- **Problem requirements**
Nothing outside the range is wanted. Repeat exactly the lines below from the one with "Marina Bay Sands’" through the one with "Usually, the gusset".

---- Supplied data

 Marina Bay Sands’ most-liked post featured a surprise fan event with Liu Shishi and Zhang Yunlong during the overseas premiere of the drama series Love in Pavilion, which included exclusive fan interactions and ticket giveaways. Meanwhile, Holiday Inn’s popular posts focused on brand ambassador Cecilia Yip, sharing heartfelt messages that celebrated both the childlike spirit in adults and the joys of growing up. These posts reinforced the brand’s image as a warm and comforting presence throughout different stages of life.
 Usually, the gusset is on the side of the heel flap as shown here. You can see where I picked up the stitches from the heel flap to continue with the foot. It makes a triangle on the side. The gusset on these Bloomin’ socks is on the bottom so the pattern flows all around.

--------
---- Supplied data

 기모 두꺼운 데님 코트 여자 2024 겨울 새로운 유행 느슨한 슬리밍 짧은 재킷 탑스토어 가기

--------

- **Output**
 Marina Bay Sands’ most-liked post featured a surprise fan event with Liu Shishi and Zhang Yunlong during the overseas premiere of the drama series Love in Pavilion, which included exclusive fan interactions and ticket giveaways. Meanwhile, Holiday Inn’s popular posts focused on brand ambassador Cecilia Yip, sharing heartfelt messages that celebrated both the childlike spirit in adults and the joys of growing up. These posts reinforced the brand’s image as a warm and comforting presence throughout different stages of life.
 Usually, the gusset is on the side of the heel flap as shown here. You can see where I picked up the stitches from the heel flap to continue with the foot. It makes a triangle on the side. The gusset on these Bloomin’ socks is on the bottom so the pattern flows all around.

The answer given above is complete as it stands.